(What to do)
Could you set down the listing below exactly, leaving out its pictures?

(Provided material)

%%

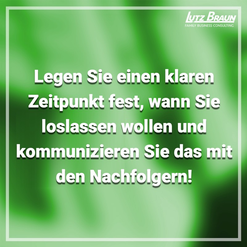 Weil Sie nichts mit Ihrer freien Zeit anzufangen wissen, weil Sie dem Nachfolger noch nicht vertrauen oder weil Sie einfach Angst davor haben, dass das Unternehmen ohne Sie an die Wand fährt. Denn für den Nachfolger ist es natürlich viel motivierender, wenn er weiß, wie lange Sie im Unternehmen bleiben und wann Sie endgültig ausscheiden. Aus diesem Grund machen Sie sich bereits jetzt Gedanken, wie Sie denn Ihre Freizeit gestalten möchten. Sie überlegen sich, wie Sie neben Ihrem Lebensinhalt Unternehmen auch einen anderen Lebensinhalt haben können. Gönnen Sie sich mehr freie Zeit mit Ihrer Familie, Sie haben es sich verdient. Gestalten Sie Ihre Freizeit bewusst, dass Sie auch nach der Führung des Unternehmens noch wissen, was Sie machen können. Seien Sie sich im Klaren, dass der Nachfolger Ihnen nicht die Firma wegnimmt, sondern Ihr Lebenswerk weiterführt und Sie deshalb peu á peu loslassen können.
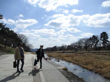 賀茂川の河川敷はポカポカ陽気で、「春やなぁ」とうれしそうな子どもたち。
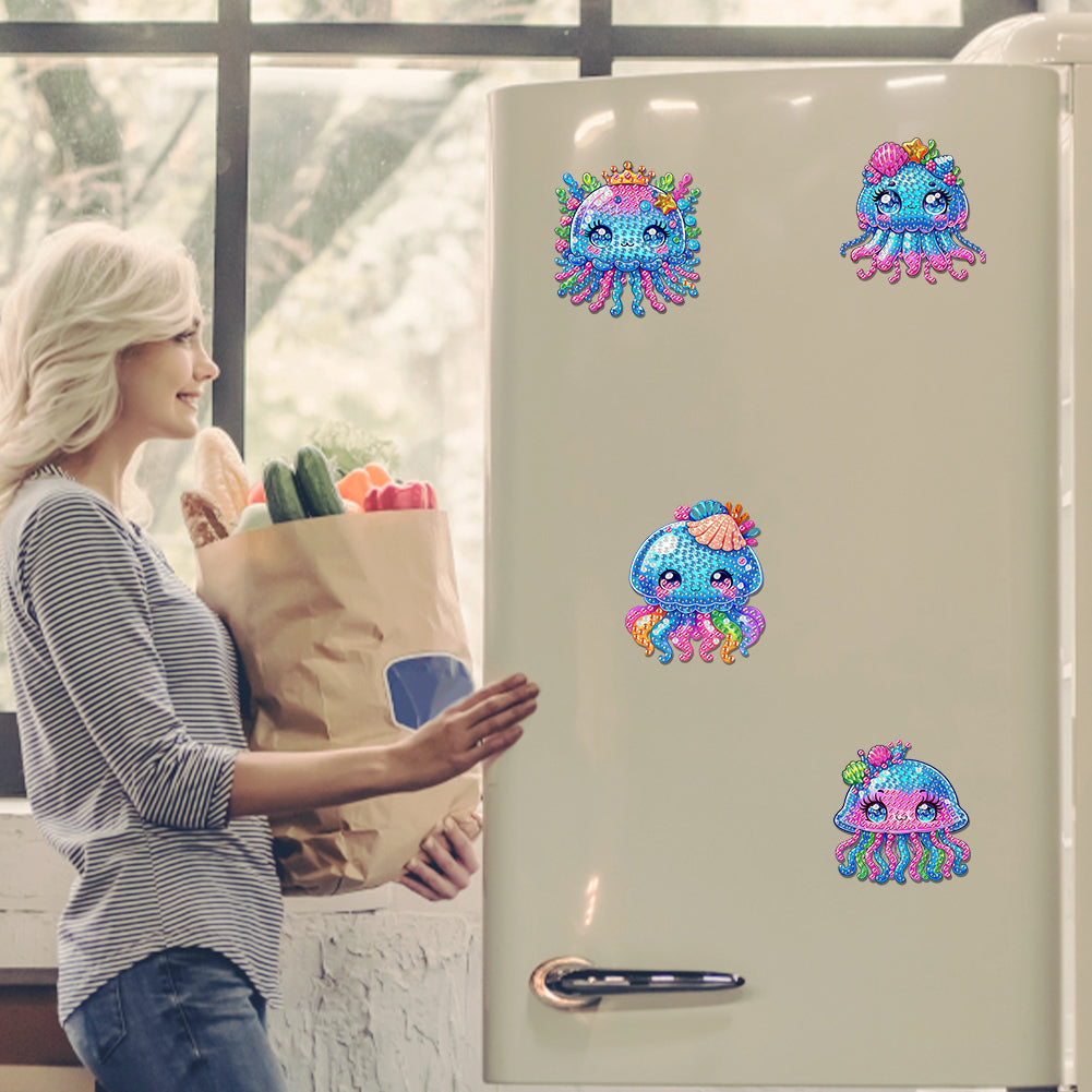 4Pcs Diamond Painting Refrigerator Magnets Diamond Art Kits for Adults (U)

%%

(Task output)
 Weil Sie nichts mit Ihrer freien Zeit anzufangen wissen, weil Sie dem Nachfolger noch nicht vertrauen oder weil Sie einfach Angst davor haben, dass das Unternehmen ohne Sie an die Wand fährt. Denn für den Nachfolger ist es natürlich viel motivierender, wenn er weiß, wie lange Sie im Unternehmen bleiben und wann Sie endgültig ausscheiden. Aus diesem Grund machen Sie sich bereits jetzt Gedanken, wie Sie denn Ihre Freizeit gestalten möchten. Sie überlegen sich, wie Sie neben Ihrem Lebensinhalt Unternehmen auch einen anderen Lebensinhalt haben können. Gönnen Sie sich mehr freie Zeit mit Ihrer Familie, Sie haben es sich verdient. Gestalten Sie Ihre Freizeit bewusst, dass Sie auch nach der Führung des Unternehmens noch wissen, was Sie machen können. Seien Sie sich im Klaren, dass der Nachfolger Ihnen nicht die Firma wegnimmt, sondern Ihr Lebenswerk weiterführt und Sie deshalb peu á peu loslassen können.
 賀茂川の河川敷はポカポカ陽気で、「春やなぁ」とうれしそうな子どもたち。
 4Pcs Diamond Painting Refrigerator Magnets Diamond Art Kits for Adults (U)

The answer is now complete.